Integration Schema Structures in Your Destination

Each integration created in SageData will trigger the creation of schema specific to that integration. The schema will be loaded to the destination you have already defined for your account. SageData will then save all the information replicated from the data source.

Terminology

In SageData, the term schema defines the location in your defined destination, where the integration data is loaded. Based on the destination infrastructure, the schema can differ.

Here are few examples:

In case of traditional database as a destination, the information will be loaded to integration-specific schemas.
In Amazon S3, the information will be loaded into integration-specific folders. The exact location in the S3 bucket is determined by the integration names and S§ Object Keys
In Google BigQuery destinations, the information will be loaded to integration-specific datasets.

Integration schema names

Creating schema names

You will have to define a name for each integration you are creating. The same name will be used for the integration schema in your destination.

For example: Creating an integration using Facebook Page Insights with the integration name ‚Facebook Campaign 20220420’ would create a schema named sd__facebook_page_insights__facebook_campaign_20220420

Currently SageData does not support manual change of the integration schemas’ name. If you would need a different name than the one provided automatically, please contact SageData support and we will assist you by making the change for you.

Changing schema names

Once the integration has been created and saved, the integration schema name can’t be changed by the user. If you want to change the name, you will have to create new integration and replicate the data.

Re-using schema names

If you try to create an integration using the name of an existing one, you will see an error.

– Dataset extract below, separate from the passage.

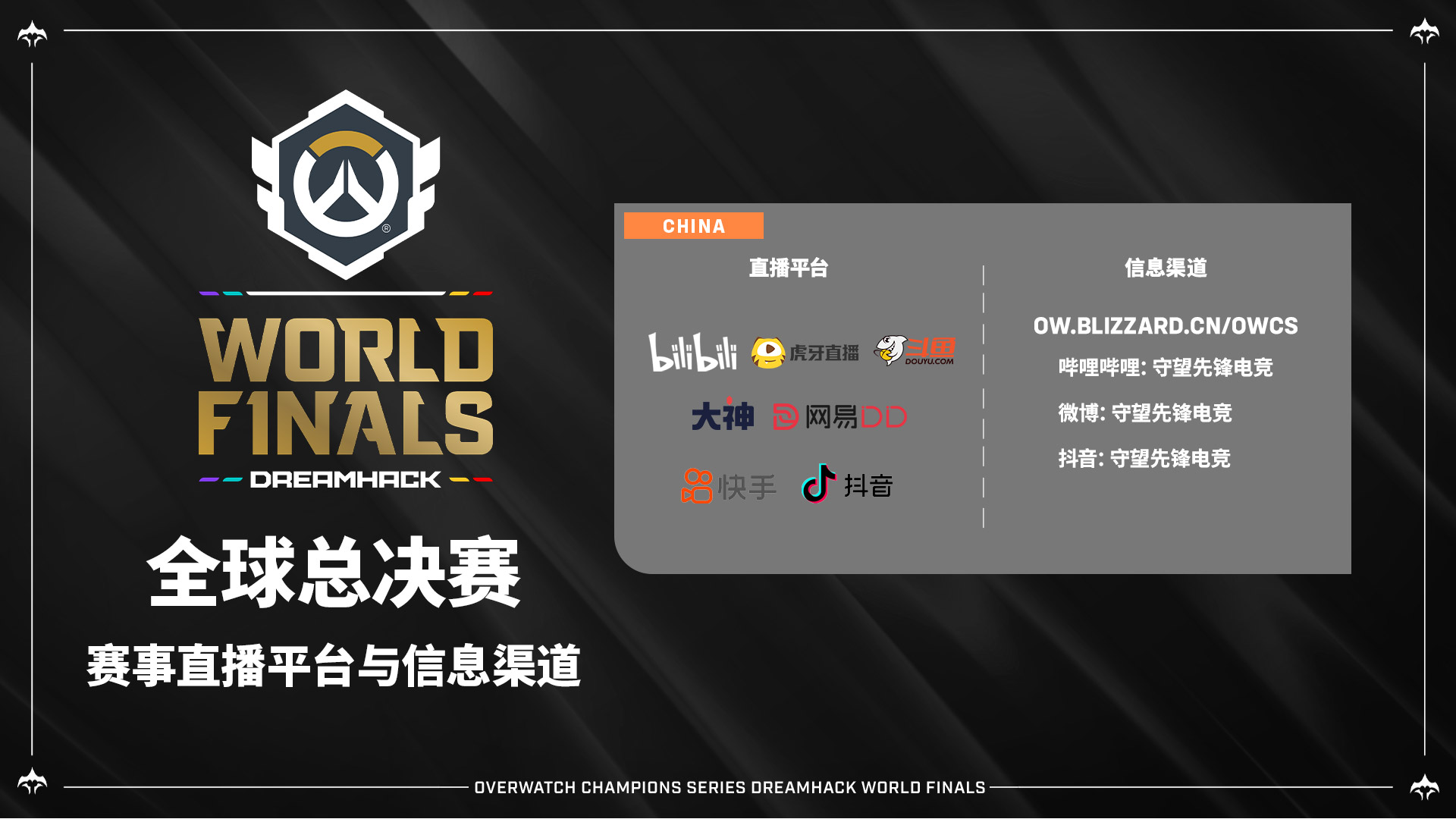 在五天赛事期间,观众可通过观看《守望先锋》客户端内“全球总决赛”/哔哩哔哩/斗鱼/虎牙/抖音/快手/网易大神/网易DD 任意平台官方直播获取丰厚的观赛奖励。

You are able to reuse schema names of deleted integrations. Please note that this may cause rejection of the data in your destination, as the deleting of integration won’t remove the integration’s schema and data, saved to your destination.

Schema composition

Each integration schema will contain two types of tables created by SageData:

Integration tables
SageData system tables

Integration tables

The tables created by SageDate for each integration depend on whether the integration supports data selection. If data selection is available, Sage Data will create only the tables/columns, that you selected for replication. Otherwise, all available tables and columns will be replicated.

SageData system tables

System tables are created in addition to your integration tables. For each integration, SageData will create a _sdc_rejected table, which serves as a log for data loading issues.

If you are using a Microsoft Azure Synapse Analytics or Google BigQuery (v2) destination, an additional table named _sdc_primary_keys will be created in the integration schema. This table includes the primary keys for the tables in the integration schema.

Integration table schemas

The integration tables consist of the replicated data from tables, which you selected to replicate.

A table won’t be removed from your destination by simply de-selecting the table for replication.

Data storage

The way SageData stores your data in the schemas depends on:

the way the data is structured in the data source (example: nested structures)
changes you make to the data source (example: adding/removing a column),
SageData-specific data handling
The way your destination handles data (example: nested data structures)

SageData system (_sdc) columns

You will notice that SageData will create a few columns prepended with _sdc in addition to the ones you have selected to be replicated. Don’t remove these columns, as SageData uses those columns in order to replicate the data properly.

For descriptions of the system columns used by SageData, refer to the System tables and columns guide.